* **Brief**
Your answer must be an exact copy of the records below, minus any images.

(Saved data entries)
━━━━━━━━━━━━━━━━

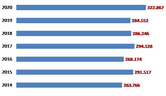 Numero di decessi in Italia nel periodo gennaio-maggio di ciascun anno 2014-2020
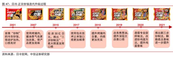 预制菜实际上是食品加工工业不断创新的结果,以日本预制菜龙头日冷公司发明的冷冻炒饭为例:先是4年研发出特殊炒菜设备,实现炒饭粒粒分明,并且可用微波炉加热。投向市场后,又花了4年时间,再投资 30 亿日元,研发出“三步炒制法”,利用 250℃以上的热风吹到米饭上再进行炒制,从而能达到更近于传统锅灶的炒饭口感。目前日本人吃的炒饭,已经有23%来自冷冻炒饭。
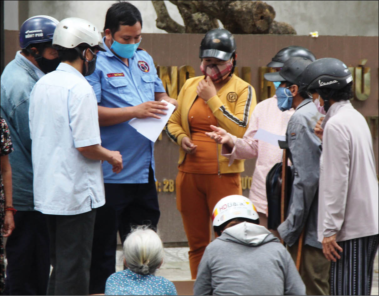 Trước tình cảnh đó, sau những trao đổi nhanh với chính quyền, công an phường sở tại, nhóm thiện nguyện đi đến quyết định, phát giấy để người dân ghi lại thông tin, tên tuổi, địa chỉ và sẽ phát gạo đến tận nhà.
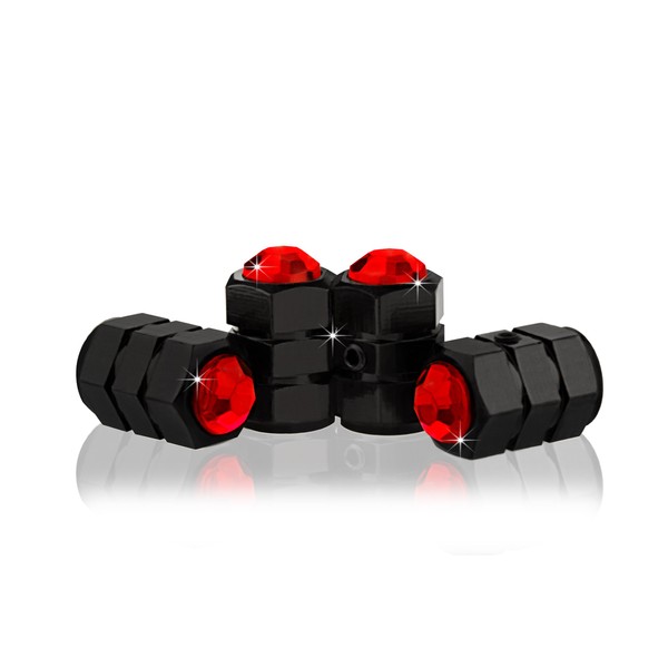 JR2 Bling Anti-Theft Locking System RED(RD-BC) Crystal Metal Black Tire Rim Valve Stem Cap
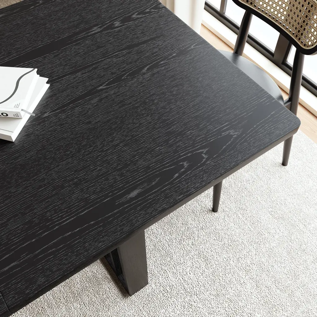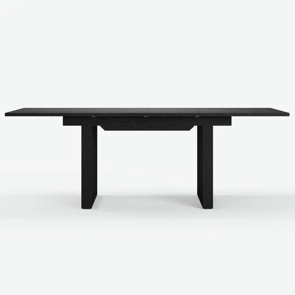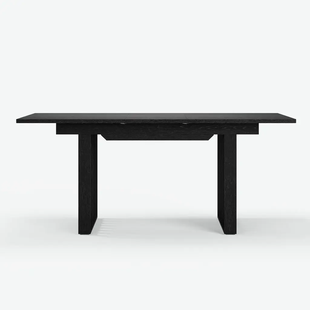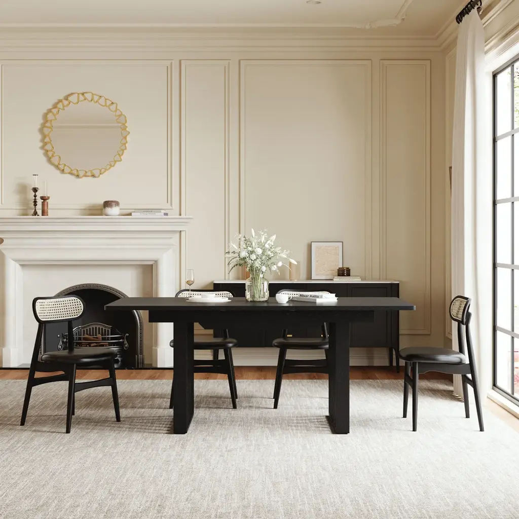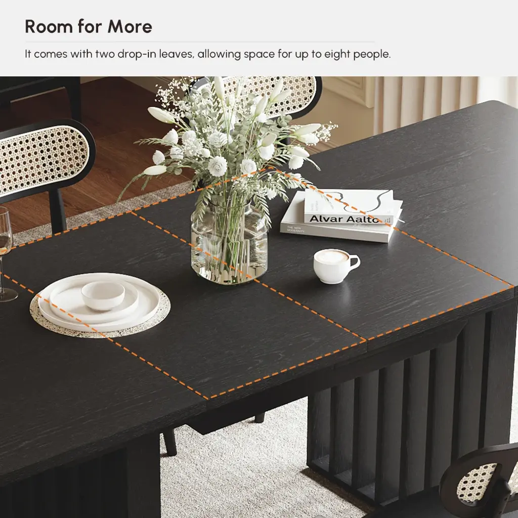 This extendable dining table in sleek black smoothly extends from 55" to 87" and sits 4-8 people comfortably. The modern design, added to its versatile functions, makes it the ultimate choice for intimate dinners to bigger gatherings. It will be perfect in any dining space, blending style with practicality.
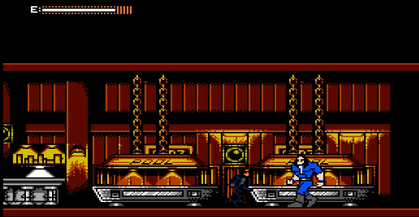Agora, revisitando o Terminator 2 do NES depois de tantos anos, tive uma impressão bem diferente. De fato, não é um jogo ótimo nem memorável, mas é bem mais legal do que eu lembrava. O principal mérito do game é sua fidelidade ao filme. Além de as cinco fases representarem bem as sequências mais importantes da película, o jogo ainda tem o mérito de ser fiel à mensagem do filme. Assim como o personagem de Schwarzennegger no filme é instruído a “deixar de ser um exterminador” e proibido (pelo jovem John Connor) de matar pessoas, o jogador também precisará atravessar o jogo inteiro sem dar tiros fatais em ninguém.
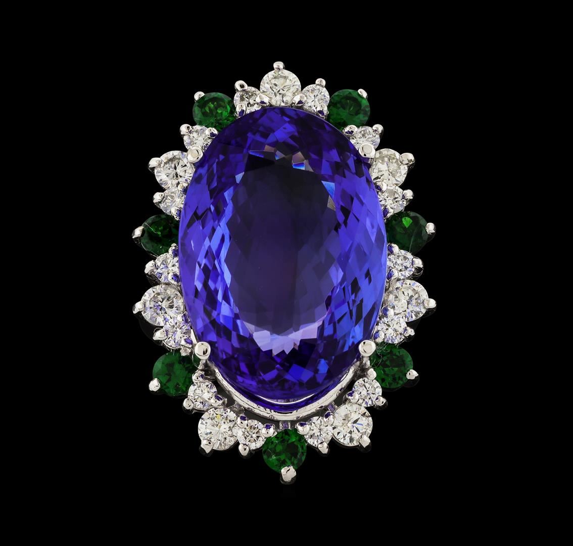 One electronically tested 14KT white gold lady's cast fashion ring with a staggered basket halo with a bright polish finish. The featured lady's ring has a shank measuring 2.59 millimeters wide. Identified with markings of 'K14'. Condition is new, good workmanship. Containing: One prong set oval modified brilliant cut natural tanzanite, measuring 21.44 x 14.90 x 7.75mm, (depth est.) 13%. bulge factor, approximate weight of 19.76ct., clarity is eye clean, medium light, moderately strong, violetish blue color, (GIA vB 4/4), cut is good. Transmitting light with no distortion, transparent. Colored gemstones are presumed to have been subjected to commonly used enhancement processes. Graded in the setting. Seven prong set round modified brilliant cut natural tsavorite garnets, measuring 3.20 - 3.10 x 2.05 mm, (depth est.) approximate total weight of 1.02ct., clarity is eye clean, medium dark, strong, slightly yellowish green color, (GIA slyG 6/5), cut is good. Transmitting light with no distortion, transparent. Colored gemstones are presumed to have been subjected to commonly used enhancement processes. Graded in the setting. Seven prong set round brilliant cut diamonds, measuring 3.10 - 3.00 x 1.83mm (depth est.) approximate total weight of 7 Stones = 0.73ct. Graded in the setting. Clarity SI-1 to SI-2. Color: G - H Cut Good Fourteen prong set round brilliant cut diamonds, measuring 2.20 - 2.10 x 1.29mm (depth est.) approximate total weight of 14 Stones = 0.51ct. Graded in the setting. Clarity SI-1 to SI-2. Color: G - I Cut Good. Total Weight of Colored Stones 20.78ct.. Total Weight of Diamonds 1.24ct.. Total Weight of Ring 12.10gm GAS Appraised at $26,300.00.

━━━━━━━━━━━━━━━━

* **Reply**
 Numero di decessi in Italia nel periodo gennaio-maggio di ciascun anno 2014-2020
 预制菜实际上是食品加工工业不断创新的结果,以日本预制菜龙头日冷公司发明的冷冻炒饭为例:先是4年研发出特殊炒菜设备,实现炒饭粒粒分明,并且可用微波炉加热。投向市场后,又花了4年时间,再投资 30 亿日元,研发出“三步炒制法”,利用 250℃以上的热风吹到米饭上再进行炒制,从而能达到更近于传统锅灶的炒饭口感。目前日本人吃的炒饭,已经有23%来自冷冻炒饭。
 Trước tình cảnh đó, sau những trao đổi nhanh với chính quyền, công an phường sở tại, nhóm thiện nguyện đi đến quyết định, phát giấy để người dân ghi lại thông tin, tên tuổi, địa chỉ và sẽ phát gạo đến tận nhà.
 JR2 Bling Anti-Theft Locking System RED(RD-BC) Crystal Metal Black Tire Rim Valve Stem Cap
 This extendable dining table in sleek black smoothly extends from 55" to 87" and sits 4-8 people comfortably. The modern design, added to its versatile functions, makes it the ultimate choice for intimate dinners to bigger gatherings. It will be perfect in any dining space, blending style with practicality.
Agora, revisitando o Terminator 2 do NES depois de tantos anos, tive uma impressão bem diferente. De fato, não é um jogo ótimo nem memorável, mas é bem mais legal do que eu lembrava. O principal mérito do game é sua fidelidade ao filme. Além de as cinco fases representarem bem as sequências mais importantes da película, o jogo ainda tem o mérito de ser fiel à mensagem do filme. Assim como o personagem de Schwarzennegger no filme é instruído a “deixar de ser um exterminador” e proibido (pelo jovem John Connor) de matar pessoas, o jogador também precisará atravessar o jogo inteiro sem dar tiros fatais em ninguém.
 One electronically tested 14KT white gold lady's cast fashion ring with a staggered basket halo with a bright polish finish. The featured lady's ring has a shank measuring 2.59 millimeters wide. Identified with markings of 'K14'. Condition is new, good workmanship. Containing: One prong set oval modified brilliant cut natural tanzanite, measuring 21.44 x 14.90 x 7.75mm, (depth est.) 13%. bulge factor, approximate weight of 19.76ct., clarity is eye clean, medium light, moderately strong, violetish blue color, (GIA vB 4/4), cut is good. Transmitting light with no distortion, transparent. Colored gemstones are presumed to have been subjected to commonly used enhancement processes. Graded in the setting. Seven prong set round modified brilliant cut natural tsavorite garnets, measuring 3.20 - 3.10 x 2.05 mm, (depth est.) approximate total weight of 1.02ct., clarity is eye clean, medium dark, strong, slightly yellowish green color, (GIA slyG 6/5), cut is good. Transmitting light with no distortion, transparent. Colored gemstones are presumed to have been subjected to commonly used enhancement processes. Graded in the setting. Seven prong set round brilliant cut diamonds, measuring 3.10 - 3.00 x 1.83mm (depth est.) approximate total weight of 7 Stones = 0.73ct. Graded in the setting. Clarity SI-1 to SI-2. Color: G - H Cut Good Fourteen prong set round brilliant cut diamonds, measuring 2.20 - 2.10 x 1.29mm (depth est.) approximate total weight of 14 Stones = 0.51ct. Graded in the setting. Clarity SI-1 to SI-2. Color: G - I Cut Good. Total Weight of Colored Stones 20.78ct.. Total Weight of Diamonds 1.24ct.. Total Weight of Ring 12.10gm GAS Appraised at $26,300.00.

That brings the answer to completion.